*Assignment*:
Print the material below exactly as it stands, please, from its first line to the line holding "Quadriciclo 1 a", with no pictures.

>>>>

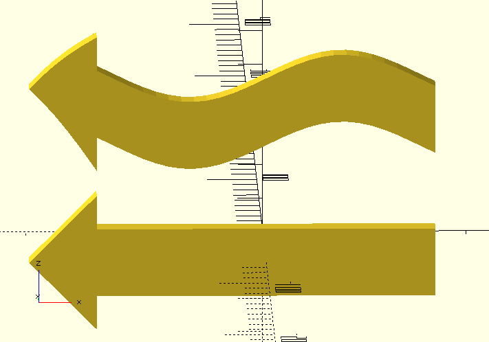 Which produces the distorted wiggly arrow at the top from the straight
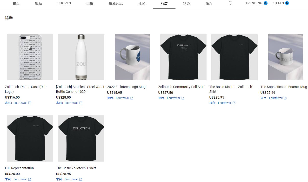 [商店]:顾名思义,开店销售东西,大致查阅了几位大小老美博主,都是挂着自己的周边产品,作为跨境卖家,我知道你现在在想什么!答案是门槛不低,首先要有1000订阅者+4000小时的观看量才能开启[创收]的功能,之后才能进入到[商品]页面去关联自己的shopify店铺,况且还有地域限制。具体规则点这里。
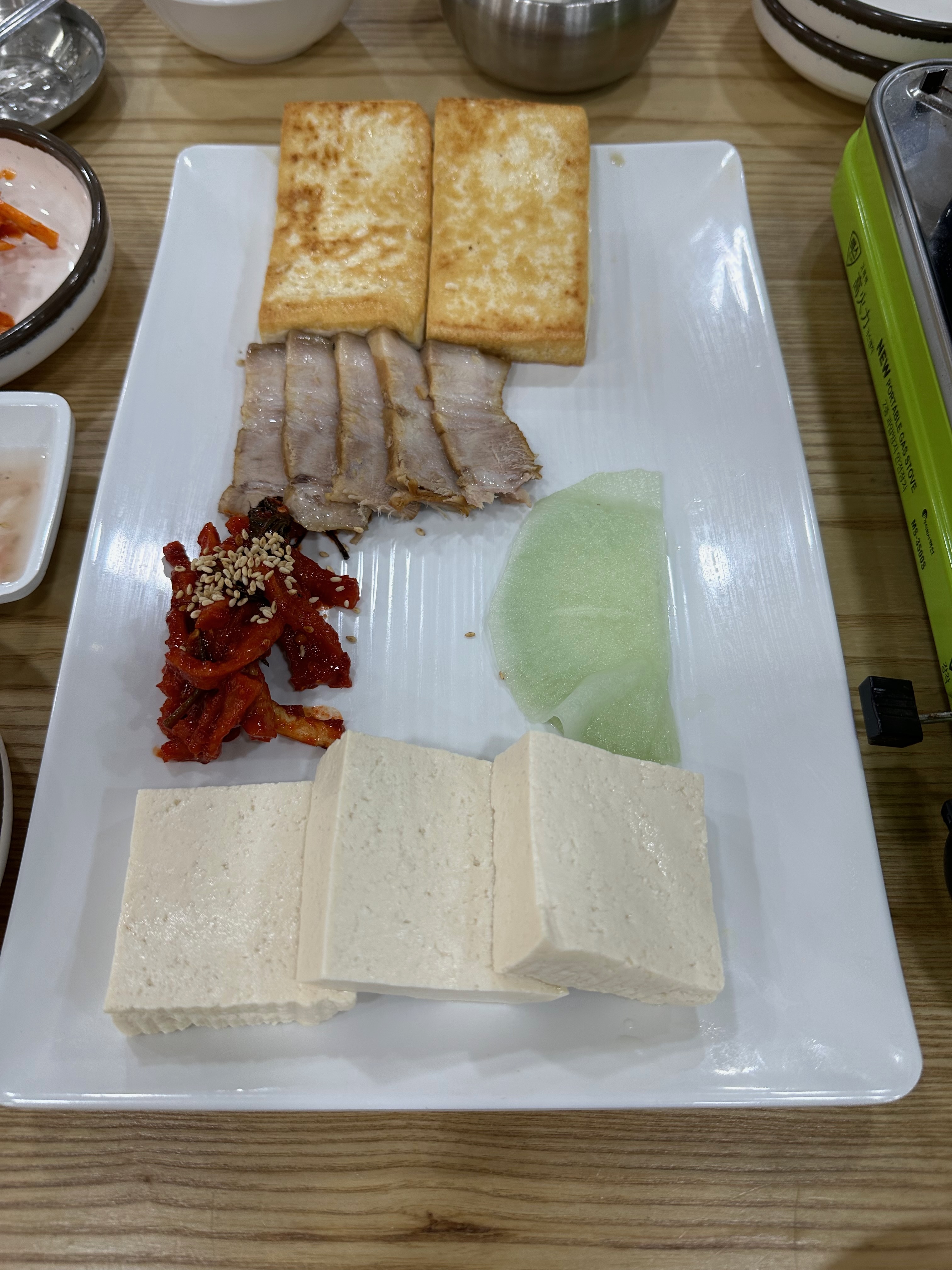 모두부 3조각, 두부부침 2조각, 보쌈고기 5점이 나오고
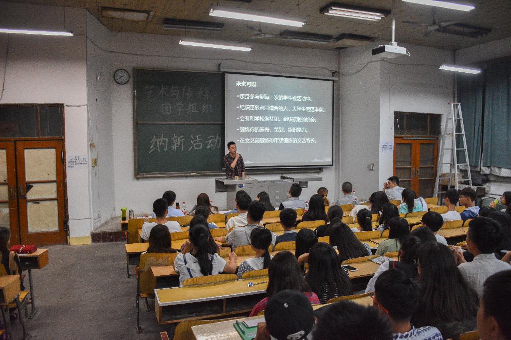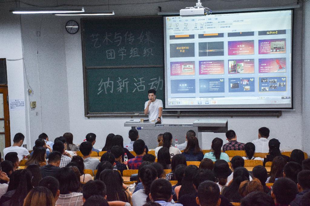新生的大学课余文化生活,给新生们提供一个自我展示、相互交流的平台,为学生会及各个社团注入新活力。2016年9月21日,艺术与传媒学院在4F-J1举行了学生会、艺术团的纳新大会。参加大会的有新生辅导员赵晋锐、团委副书记王嘉琪,团委各部门部长,学生会主席邹中林、副主席杨金瑶、杨金珂,学生会各部部长、副部长,大艺团团长、各部门部长及2016级新生。
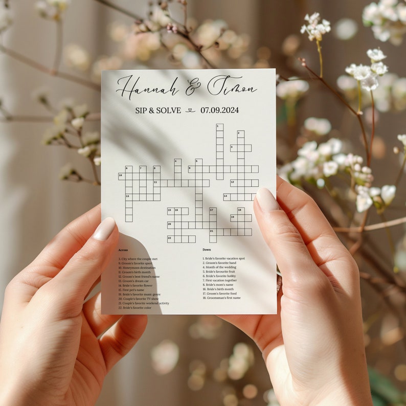 Custom Wedding Crossword Puzzle: Sip and Solve Guest Game (digital
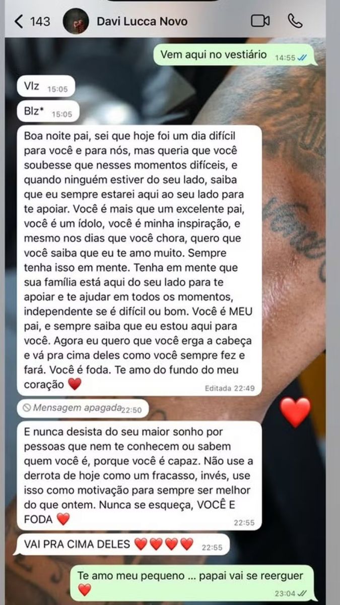 Neymar mostrou nas redes sociais uma mensagem cheia de afeto que recebeu do filho, Davi Lucca, após a derrota do Santos para o Vasco por 6 a 0, no domingo (17). O garoto, de 13 anos, decidiu confortar o pai diante do resultado difícil.
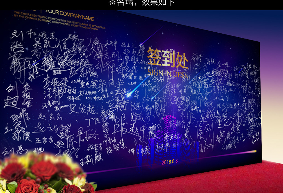 簽到墻,一般制作方法是用行架搭建,正面用550黑色燈布組合安裝制作完成,既具有一種儀式感。現場用戶通過簽到,然后在大屏幕上顯示簽到人員的信息,對于參會人員來說內心里面估計會有中莊重感。 又便于主辦方統計分析參會人員。這種借助微信來實現的簽到墻用戶只需要掃二維碼就可以參與活動,可以根據自己活動需要設置簽到的時候填寫些基本信息,會議活動結束后在蜀樂互動后臺可以導出用戶填寫的基本信息,可以分析統計參與人員信息。
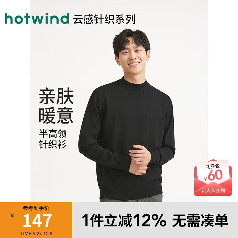 热风男士针织衫内搭上衣2025年冬季新款基础半高领针织衫百搭毛衣 01黑色 S
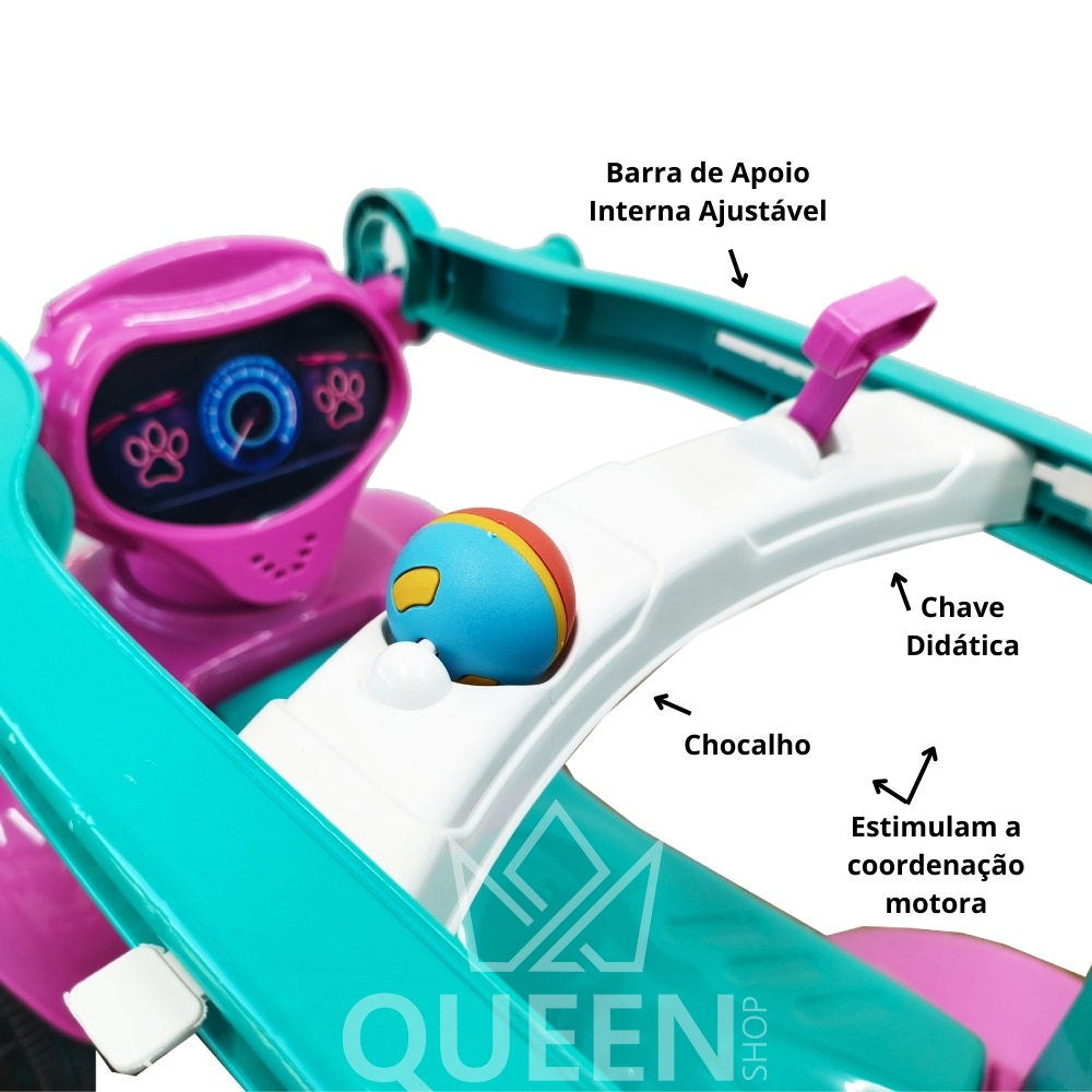 Quadriciclo 1 a 3 Anos - Até 30kg Carro Passeio Menina Ajuste Altura e Profundidade- Crianças De Até 1mt - QUEEN SHOP
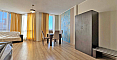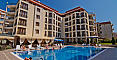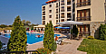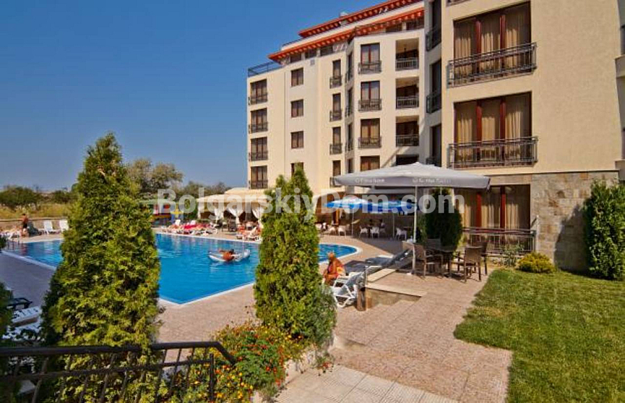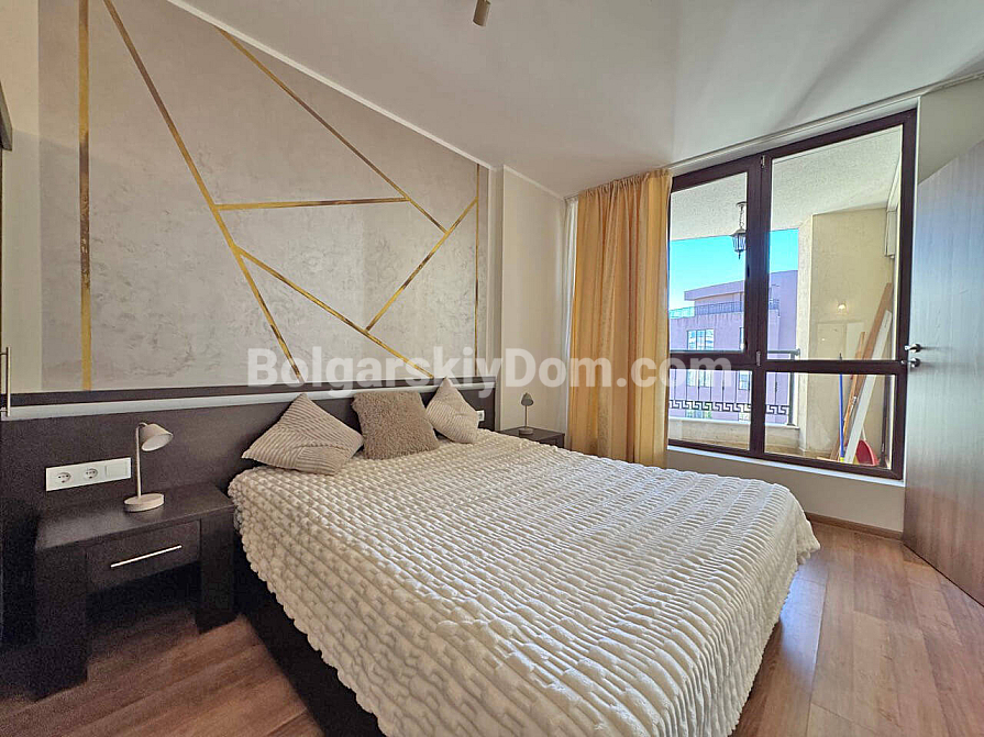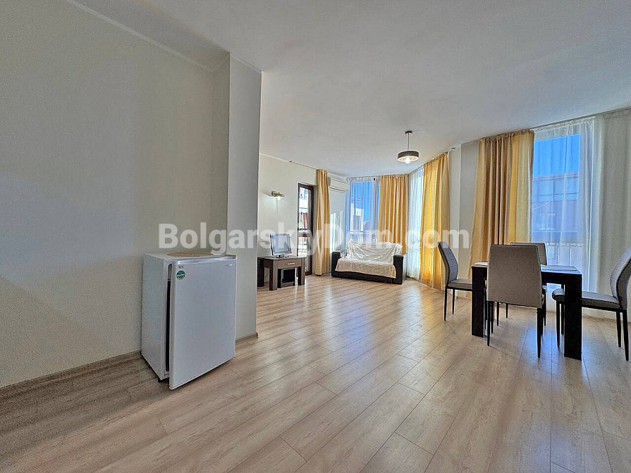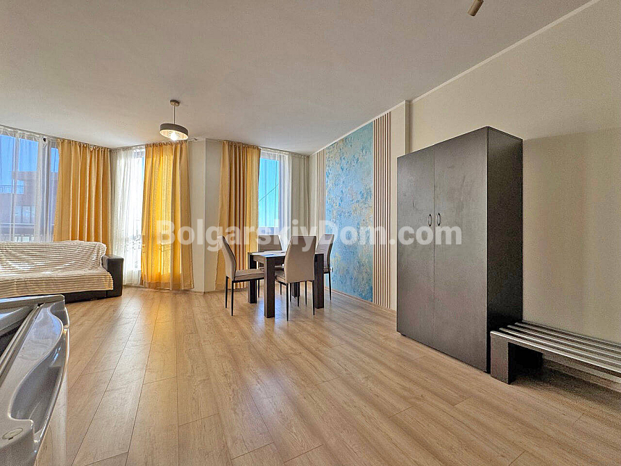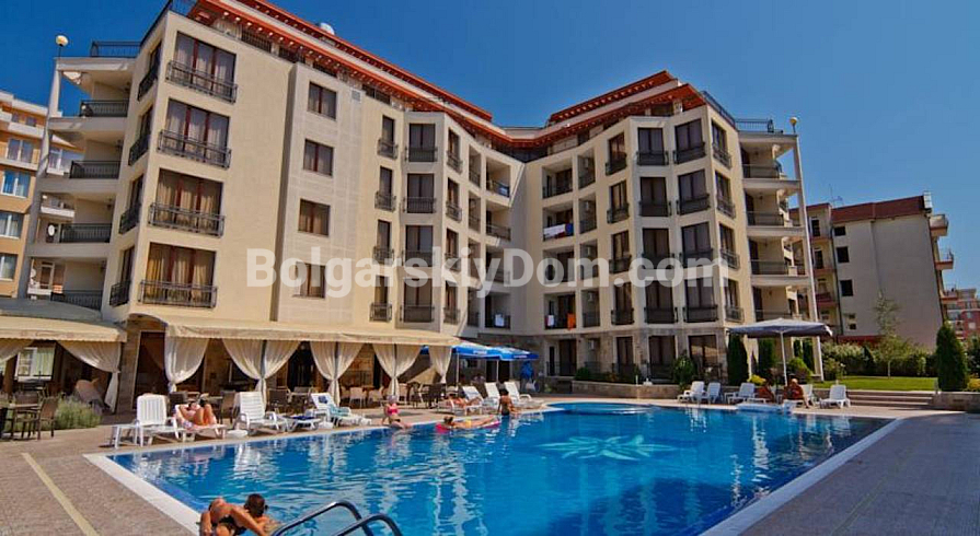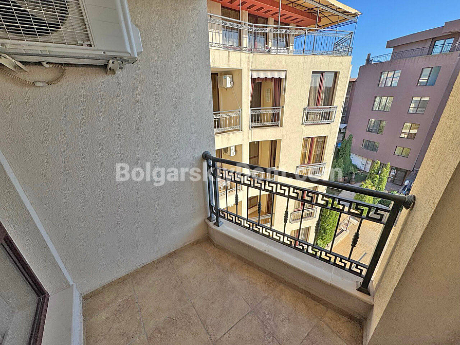Die Wohnanlage Camelot Residence, in der sich die Wohnung befindet, ist im modernen mediterranen Stil mit bulgarischen Akzenten erbaut. Die freundlich gefärbten Fassaden, großzügigen Balkone und Panoramafenster schaffen ein Gefühl von Freiheit und Naturnähe. Auf dem gepflegten Gelände gibt es gepflegte Alleen, einen Erholungsbereich, ein Schwimmbad mit Sonnenliegen, einen Kinderspielplatz, ein Restaurant und Parkplätze. All dies macht sie zu einem idealen Ort zum Leben, und das Meer ist nur 700 Meter entfernt. Die jährliche Wartungsgebühr beträgt 10 Euro pro Quadratmeter.

<<<<

*Your solution*:
 Which produces the distorted wiggly arrow at the top from the straight
 [商店]:顾名思义,开店销售东西,大致查阅了几位大小老美博主,都是挂着自己的周边产品,作为跨境卖家,我知道你现在在想什么!答案是门槛不低,首先要有1000订阅者+4000小时的观看量才能开启[创收]的功能,之后才能进入到[商品]页面去关联自己的shopify店铺,况且还有地域限制。具体规则点这里。
 모두부 3조각, 두부부침 2조각, 보쌈고기 5점이 나오고
新生的大学课余文化生活,给新生们提供一个自我展示、相互交流的平台,为学生会及各个社团注入新活力。2016年9月21日,艺术与传媒学院在4F-J1举行了学生会、艺术团的纳新大会。参加大会的有新生辅导员赵晋锐、团委副书记王嘉琪,团委各部门部长,学生会主席邹中林、副主席杨金瑶、杨金珂,学生会各部部长、副部长,大艺团团长、各部门部长及2016级新生。
 Custom Wedding Crossword Puzzle: Sip and Solve Guest Game (digital
 Neymar mostrou nas redes sociais uma mensagem cheia de afeto que recebeu do filho, Davi Lucca, após a derrota do Santos para o Vasco por 6 a 0, no domingo (17). O garoto, de 13 anos, decidiu confortar o pai diante do resultado difícil.
 簽到墻,一般制作方法是用行架搭建,正面用550黑色燈布組合安裝制作完成,既具有一種儀式感。現場用戶通過簽到,然后在大屏幕上顯示簽到人員的信息,對于參會人員來說內心里面估計會有中莊重感。 又便于主辦方統計分析參會人員。這種借助微信來實現的簽到墻用戶只需要掃二維碼就可以參與活動,可以根據自己活動需要設置簽到的時候填寫些基本信息,會議活動結束后在蜀樂互動后臺可以導出用戶填寫的基本信息,可以分析統計參與人員信息。
 热风男士针织衫内搭上衣2025年冬季新款基础半高领针织衫百搭毛衣 01黑色 S
 Quadriciclo 1 a 3 Anos - Até 30kg Carro Passeio Menina Ajuste Altura e Profundidade- Crianças De Até 1mt - QUEEN SHOP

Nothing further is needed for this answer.